> _The records_:
***

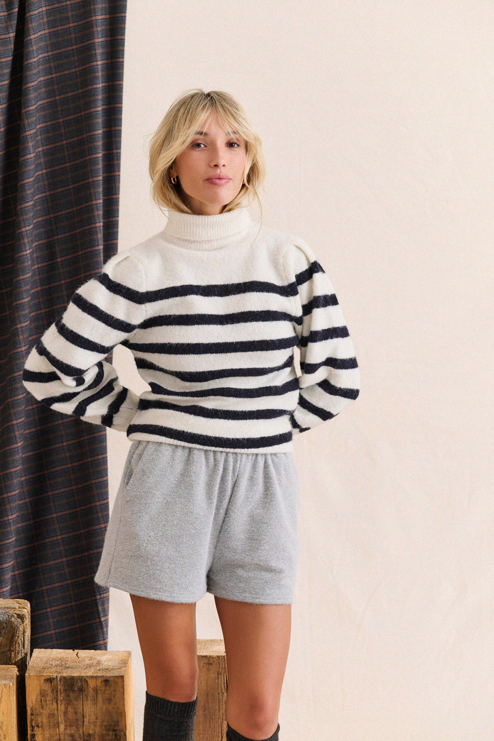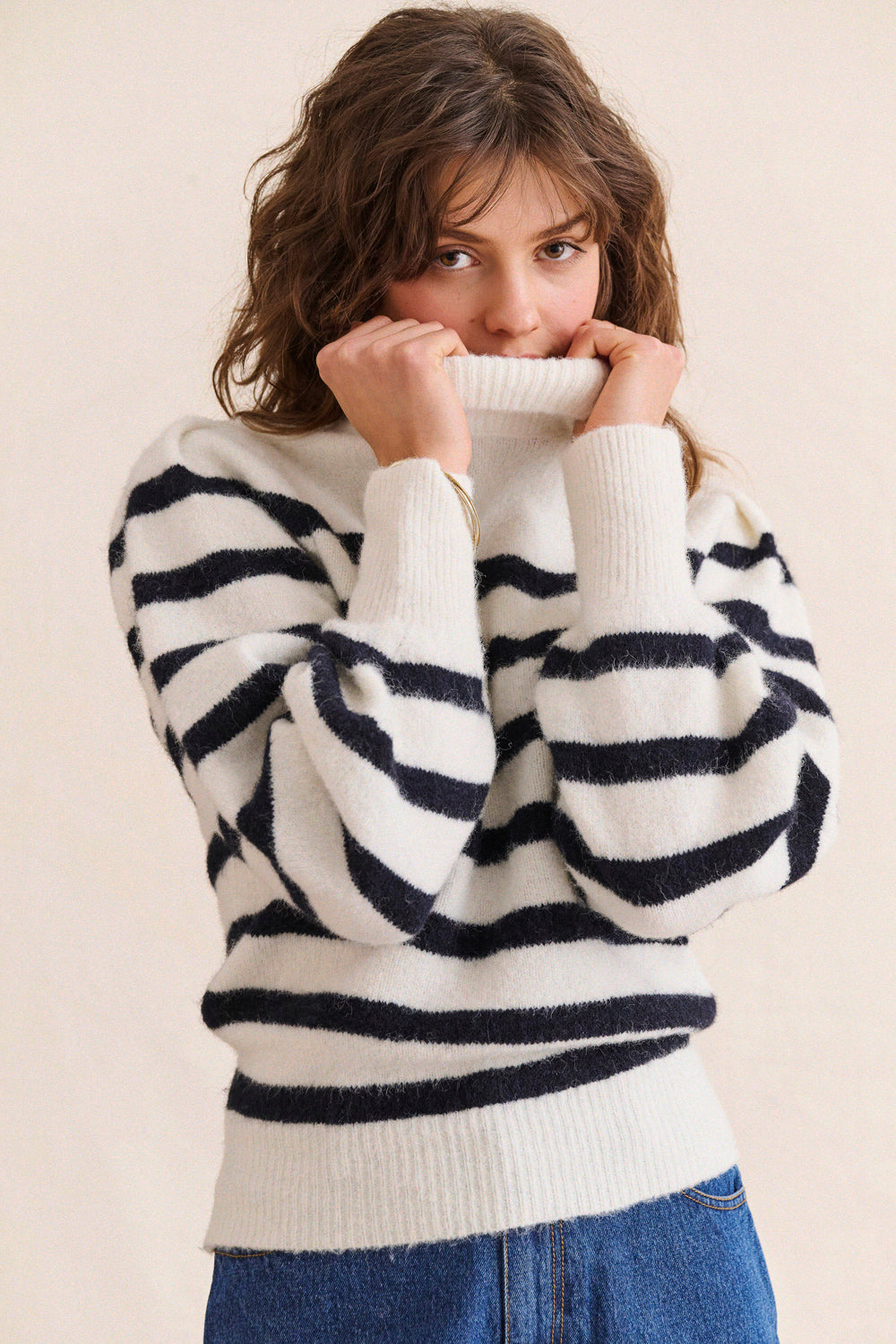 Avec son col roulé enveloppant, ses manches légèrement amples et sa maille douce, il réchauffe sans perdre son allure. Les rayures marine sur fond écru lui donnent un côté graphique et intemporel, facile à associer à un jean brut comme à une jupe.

***

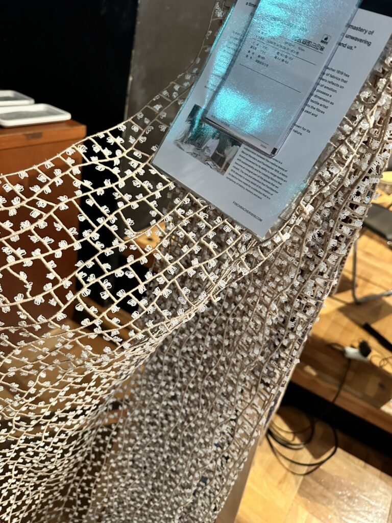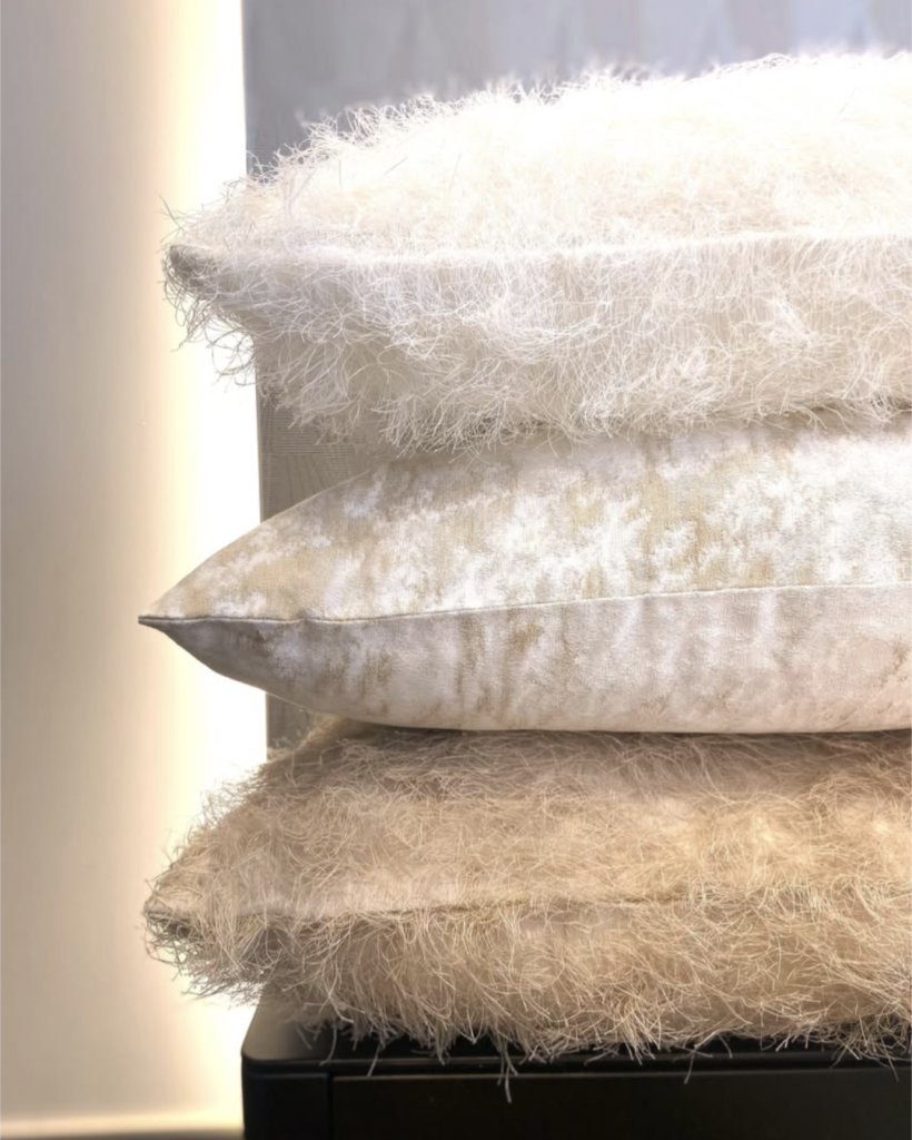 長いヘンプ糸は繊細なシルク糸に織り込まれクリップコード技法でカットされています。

***

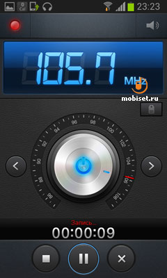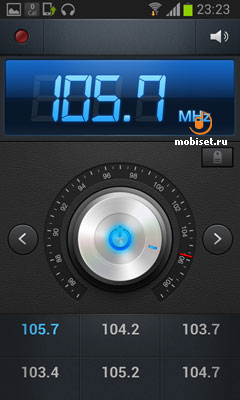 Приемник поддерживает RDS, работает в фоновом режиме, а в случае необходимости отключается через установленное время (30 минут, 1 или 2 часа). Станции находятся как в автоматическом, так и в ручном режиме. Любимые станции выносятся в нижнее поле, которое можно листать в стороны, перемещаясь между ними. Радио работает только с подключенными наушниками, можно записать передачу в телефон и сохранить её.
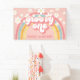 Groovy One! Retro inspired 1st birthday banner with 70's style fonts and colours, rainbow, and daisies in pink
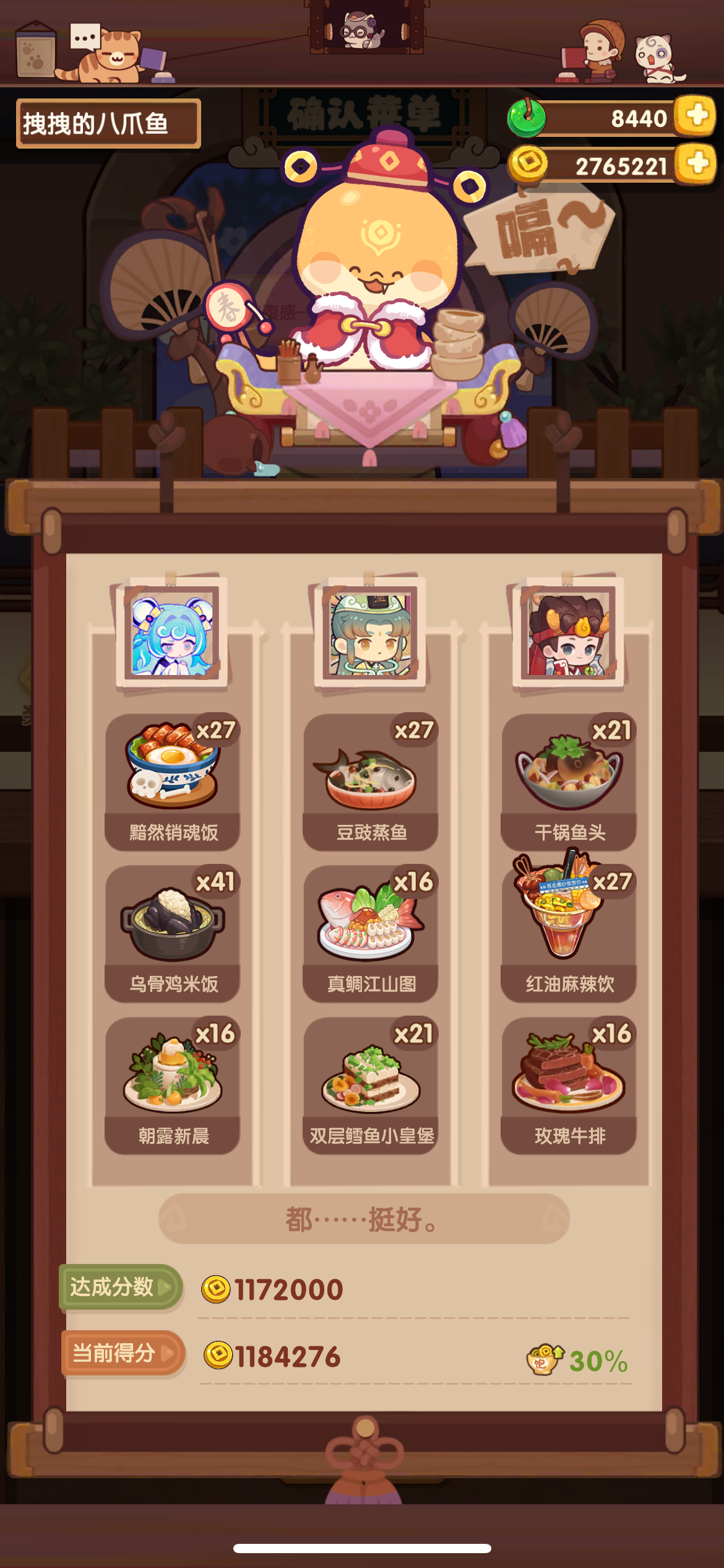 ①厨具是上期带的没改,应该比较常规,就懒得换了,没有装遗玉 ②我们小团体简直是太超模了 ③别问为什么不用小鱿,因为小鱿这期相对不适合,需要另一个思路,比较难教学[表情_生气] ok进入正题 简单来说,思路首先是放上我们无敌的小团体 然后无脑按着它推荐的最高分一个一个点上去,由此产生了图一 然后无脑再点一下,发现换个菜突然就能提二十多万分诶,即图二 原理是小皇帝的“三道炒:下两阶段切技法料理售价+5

***

> _Description of the task_: Copy out exactly the material that runs from the line with "Groovy One! Retro" to the line with "②我们小团体简直是太超模了 ③别问为什么不用小鱿,因为小鱿这期相对不适合,需要另一个思路,比较难教学[表情_生气] ok进入正题", ends included, and leave the pictures behind.

> _Output for this exercise_:
 Groovy One! Retro inspired 1st birthday banner with 70's style fonts and colours, rainbow, and daisies in pink
 ①厨具是上期带的没改,应该比较常规,就懒得换了,没有装遗玉 ②我们小团体简直是太超模了 ③别问为什么不用小鱿,因为小鱿这期相对不适合,需要另一个思路,比较难教学[表情_生气] ok进入正题 简单来说,思路首先是放上我们无敌的小团体 然后无脑按着它推荐的最高分一个一个点上去,由此产生了图一 然后无脑再点一下,发现换个菜突然就能提二十多万分诶,即图二 原理是小皇帝的“三道炒:下两阶段切技法料理售价+5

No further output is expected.